◆ Requirement: Transcribe every entry word for word, leaving out all images.

[Records from a collection]

________

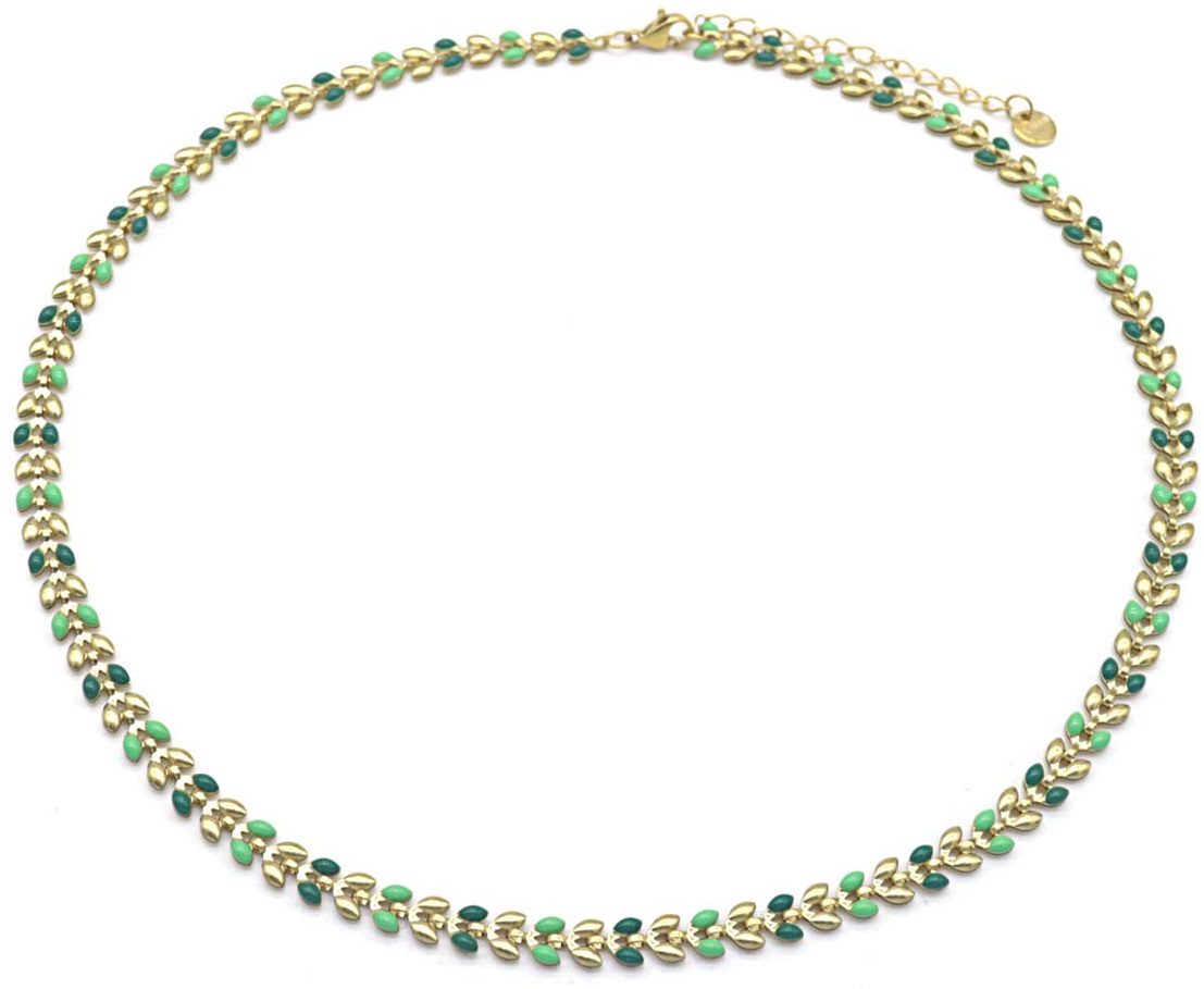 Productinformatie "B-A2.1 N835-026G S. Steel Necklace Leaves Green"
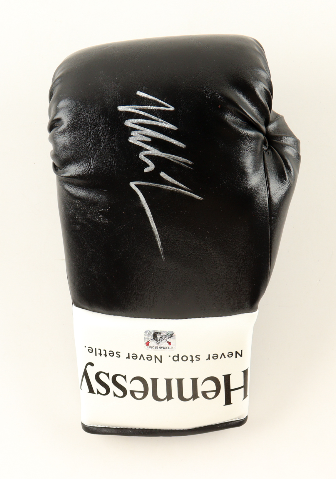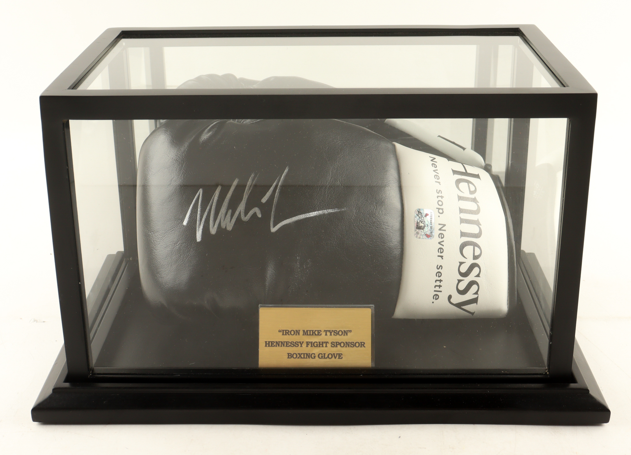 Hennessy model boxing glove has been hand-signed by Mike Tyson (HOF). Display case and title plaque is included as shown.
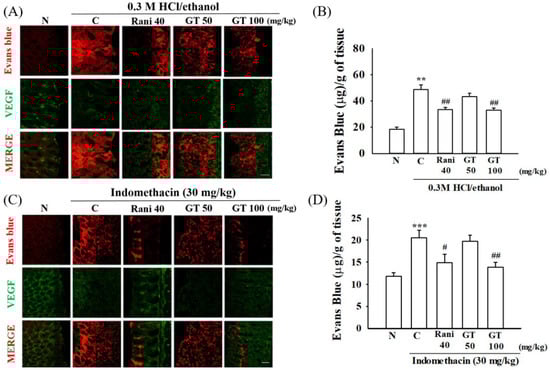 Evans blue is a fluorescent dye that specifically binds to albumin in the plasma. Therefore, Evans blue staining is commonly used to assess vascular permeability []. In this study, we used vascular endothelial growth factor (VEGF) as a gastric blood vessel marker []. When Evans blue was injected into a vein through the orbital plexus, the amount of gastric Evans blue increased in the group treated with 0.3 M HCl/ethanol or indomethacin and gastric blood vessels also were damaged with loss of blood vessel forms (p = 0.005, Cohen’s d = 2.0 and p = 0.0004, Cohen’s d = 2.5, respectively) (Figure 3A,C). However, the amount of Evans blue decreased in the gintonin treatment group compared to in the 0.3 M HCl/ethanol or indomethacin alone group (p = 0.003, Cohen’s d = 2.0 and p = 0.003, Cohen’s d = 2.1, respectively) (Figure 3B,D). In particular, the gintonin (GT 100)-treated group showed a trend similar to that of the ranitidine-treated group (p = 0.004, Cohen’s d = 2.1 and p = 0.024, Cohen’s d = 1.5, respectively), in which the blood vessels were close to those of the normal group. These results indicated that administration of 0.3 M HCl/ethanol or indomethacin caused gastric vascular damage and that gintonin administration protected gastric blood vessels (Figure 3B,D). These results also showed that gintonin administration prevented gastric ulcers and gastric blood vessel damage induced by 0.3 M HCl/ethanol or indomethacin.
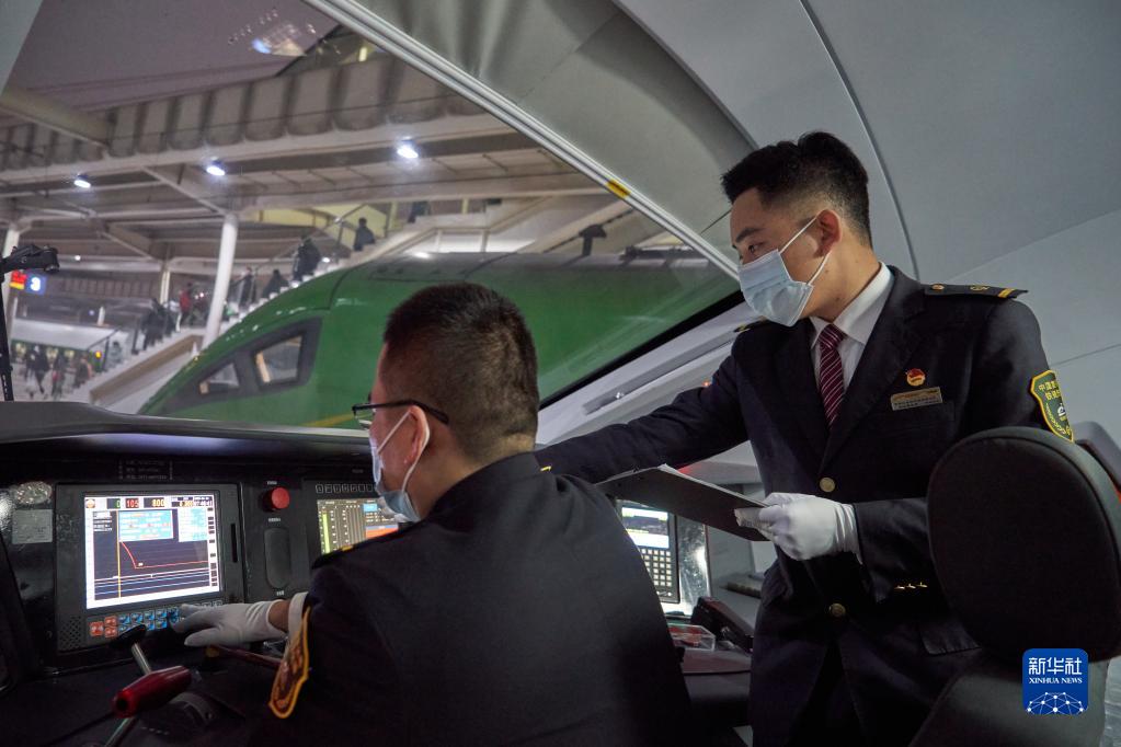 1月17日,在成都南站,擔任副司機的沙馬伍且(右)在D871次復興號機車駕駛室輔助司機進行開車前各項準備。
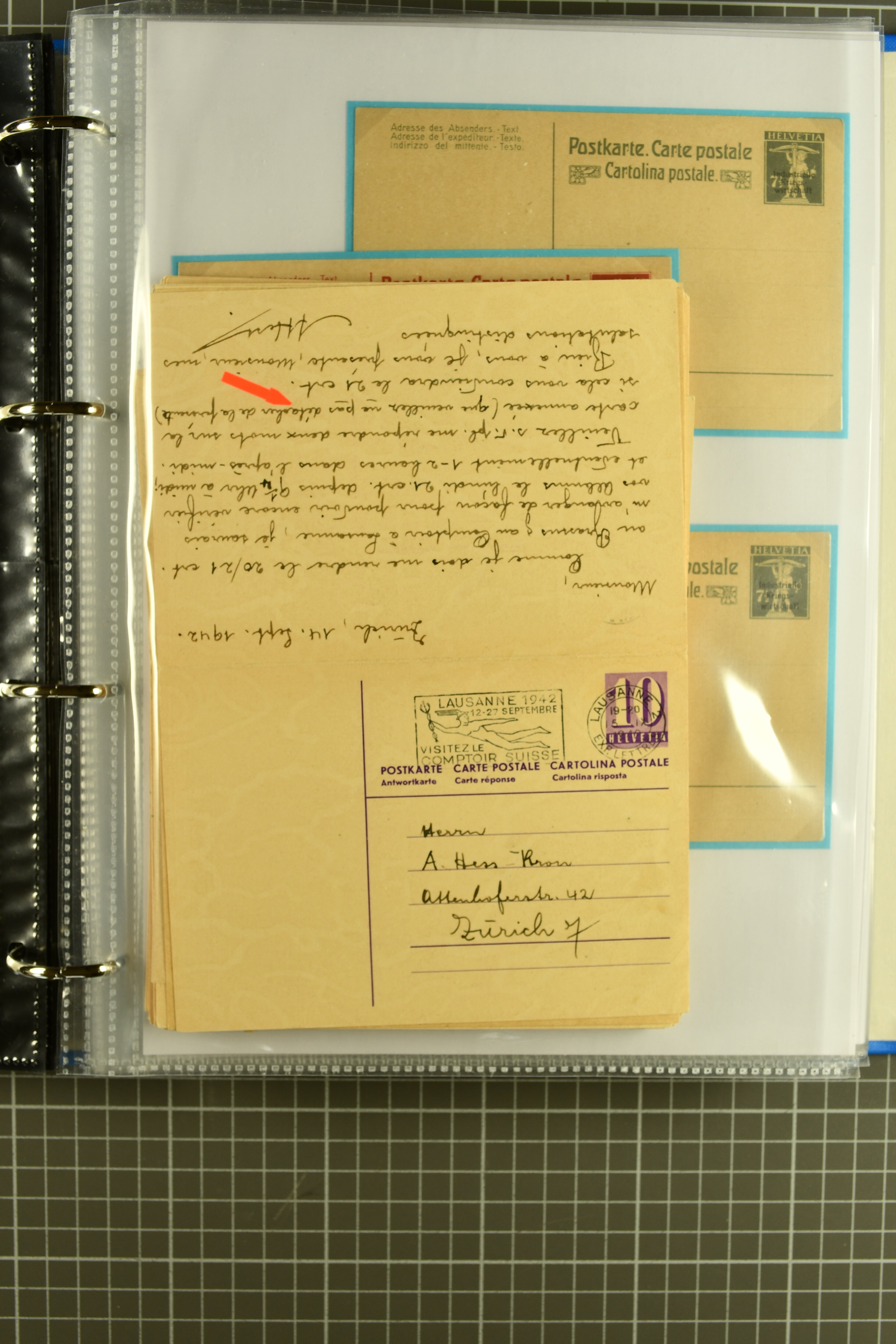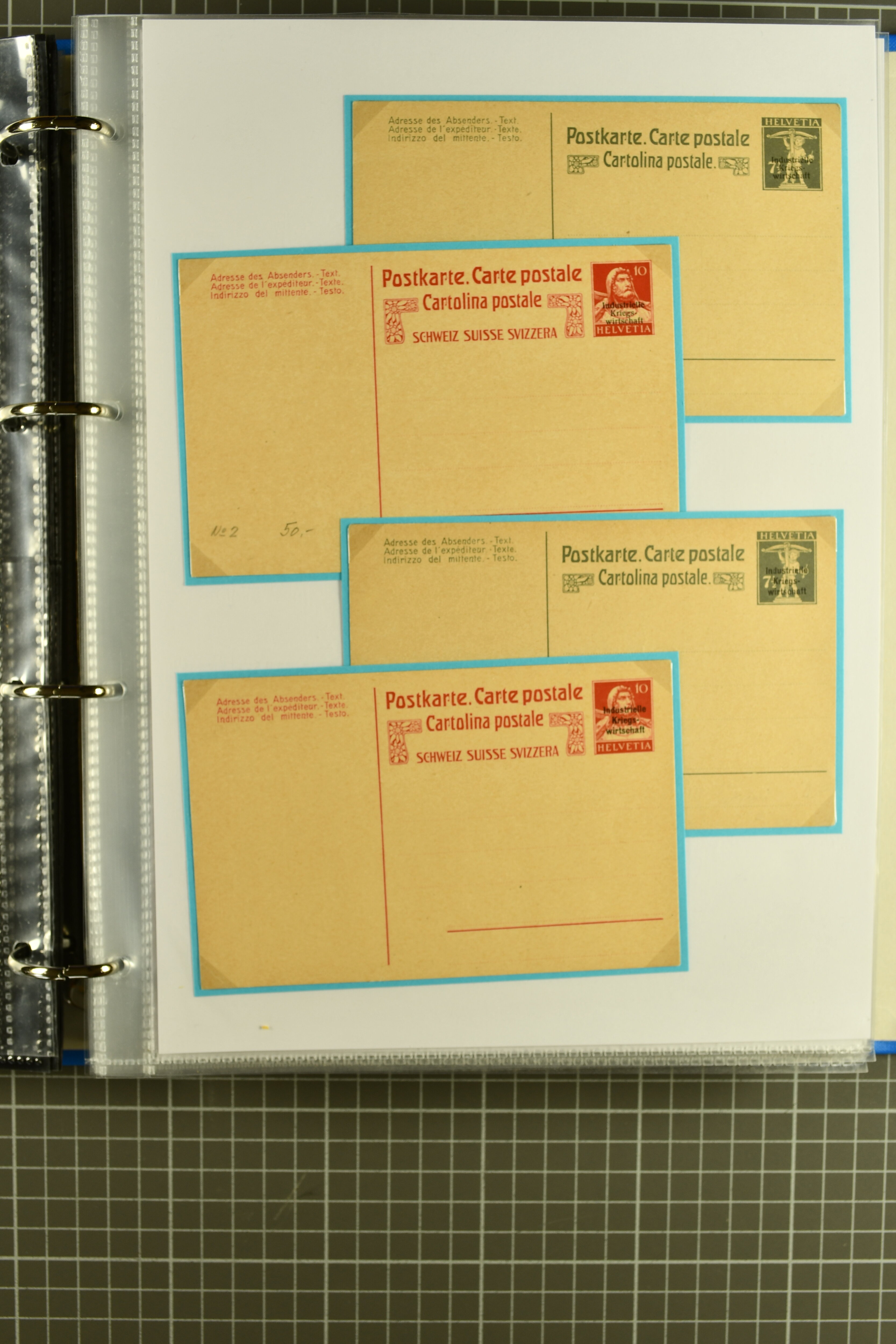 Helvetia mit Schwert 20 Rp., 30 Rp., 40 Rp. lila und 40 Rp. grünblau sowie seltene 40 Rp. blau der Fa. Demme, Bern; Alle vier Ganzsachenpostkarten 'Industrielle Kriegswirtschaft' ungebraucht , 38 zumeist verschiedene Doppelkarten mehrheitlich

________

◆ Solution:
 Productinformatie "B-A2.1 N835-026G S. Steel Necklace Leaves Green"
 Hennessy model boxing glove has been hand-signed by Mike Tyson (HOF). Display case and title plaque is included as shown.
 Evans blue is a fluorescent dye that specifically binds to albumin in the plasma. Therefore, Evans blue staining is commonly used to assess vascular permeability []. In this study, we used vascular endothelial growth factor (VEGF) as a gastric blood vessel marker []. When Evans blue was injected into a vein through the orbital plexus, the amount of gastric Evans blue increased in the group treated with 0.3 M HCl/ethanol or indomethacin and gastric blood vessels also were damaged with loss of blood vessel forms (p = 0.005, Cohen’s d = 2.0 and p = 0.0004, Cohen’s d = 2.5, respectively) (Figure 3A,C). However, the amount of Evans blue decreased in the gintonin treatment group compared to in the 0.3 M HCl/ethanol or indomethacin alone group (p = 0.003, Cohen’s d = 2.0 and p = 0.003, Cohen’s d = 2.1, respectively) (Figure 3B,D). In particular, the gintonin (GT 100)-treated group showed a trend similar to that of the ranitidine-treated group (p = 0.004, Cohen’s d = 2.1 and p = 0.024, Cohen’s d = 1.5, respectively), in which the blood vessels were close to those of the normal group. These results indicated that administration of 0.3 M HCl/ethanol or indomethacin caused gastric vascular damage and that gintonin administration protected gastric blood vessels (Figure 3B,D). These results also showed that gintonin administration prevented gastric ulcers and gastric blood vessel damage induced by 0.3 M HCl/ethanol or indomethacin.
 1月17日,在成都南站,擔任副司機的沙馬伍且(右)在D871次復興號機車駕駛室輔助司機進行開車前各項準備。
 Helvetia mit Schwert 20 Rp., 30 Rp., 40 Rp. lila und 40 Rp. grünblau sowie seltene 40 Rp. blau der Fa. Demme, Bern; Alle vier Ganzsachenpostkarten 'Industrielle Kriegswirtschaft' ungebraucht , 38 zumeist verschiedene Doppelkarten mehrheitlich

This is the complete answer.